A large number of messages show employees attacking white people. One post promoted an online workshop titled "Healing from Toxic Whiteness to Better Fight for Racial Justice", while another advised that "if you are white/male/heterosexual/[insert majority group here], there are times to just shut up and listen".
"By being a white male you are in a privileged class that is actively harmful to others, whether you like it or not," another post read.
In a separate post, employee Scott Bruceheart wrote, "Dear all the white people: do not put the burden of relieving your systematic racist discrimination on the people that aren't white. It is not the responsibility of the victim to end the victimisation. It is the responsibility of the victimiser to stop being terrible."
In April 2017, manager Chris Busselle posted a message suggesting that employees should "wield your influence" to attempt to have "cheesy white males" removed from speaker line-ups at conferences.
"Next time you get invited to speak at a conference, especially if you're a white male — ask the organiser to confirm if you're the only white male on the panel / in the speaker line-up," he wrote.
"If not, say you're honoured, but must decline, and give the reason. And because you are at Google, guess what — they're going to change the panel for you. You'll feel bad about inconveniencing them.
"But not that bad. When the cheesy white male executive is in the 'green room' and glaring at you because he was bounced for the panel in favour of a woman on his team, you'll feel pretty damn smug."

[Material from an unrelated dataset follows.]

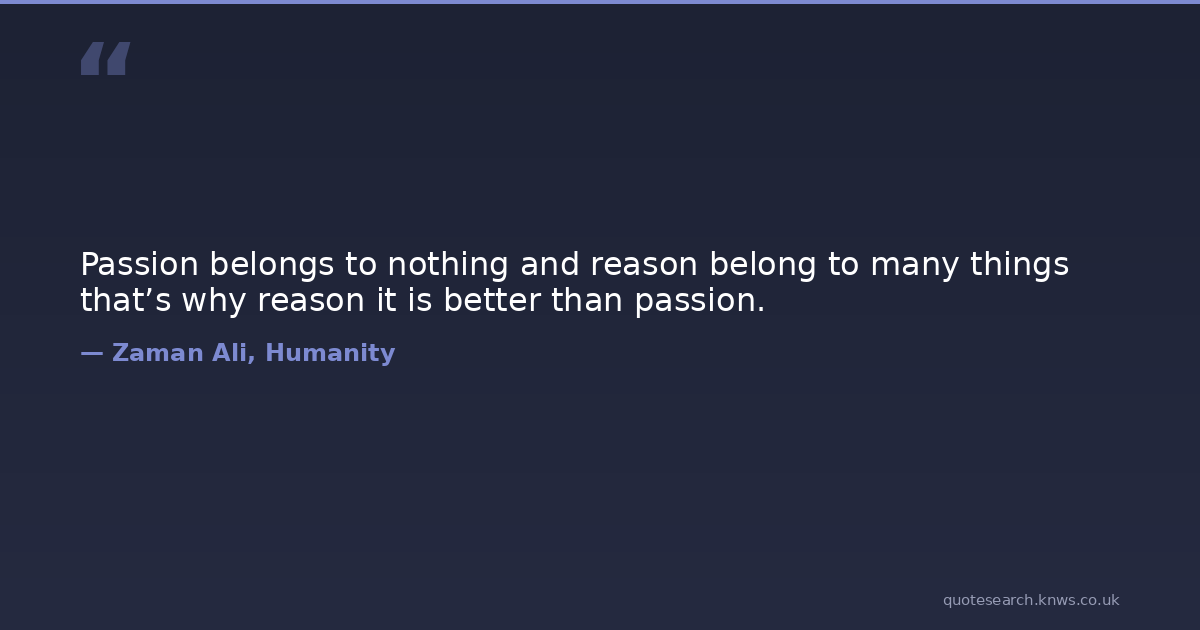 Passion belongs to nothing and reason belong to many things that’s why reason it is better than passion.

Elsewhere, Antonio D'Souza reposted a message from another board, praising the "mea culpa submission" from a fellow employee which said, "I (a white Googler), in an attempt to build rapport with a Black Noogler and demonstrate my lack of ignorance of Black History, ended up whitesplaining Black History to him ... thereby demonstrating my ignorance of Black History in the process.

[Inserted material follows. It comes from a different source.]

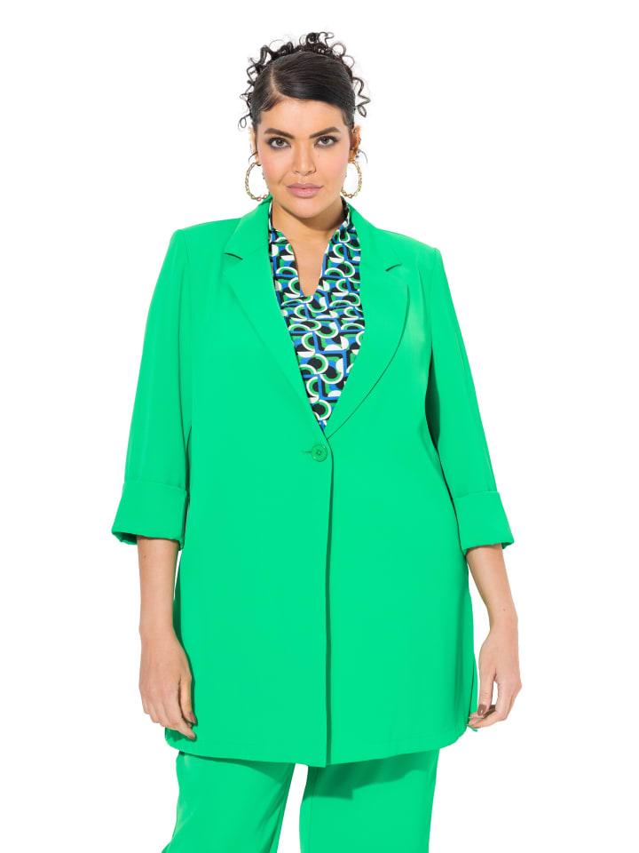 Пиджак удлиненный, свободного кроя, из гладкой ткани. Воротник с лацканами, застежка на пуговицы, рукава 3/4 с отворотами. Современная изюминка: боковые разрезы для удобной посадки и полной свободы движений.

"A few minutes later, feeling like a complete idiot, I went back to him and apologised for whitesplaining."
In another post to an internal message board called "poly-discuss", one employee asked for advice on "outing yourself as a poly" — apparently referring to "polyamory", or having more than one partner.
In response, a colleague said they usually say something "explicit" to the people they work with, such as, "I'm crashing at the office tonight because my wife is having her boyfriend over and I wanted to give them the house."
In a statement on Tuesday, a Google spokesman said, "We look forward to defending against Damore's lawsuit in court."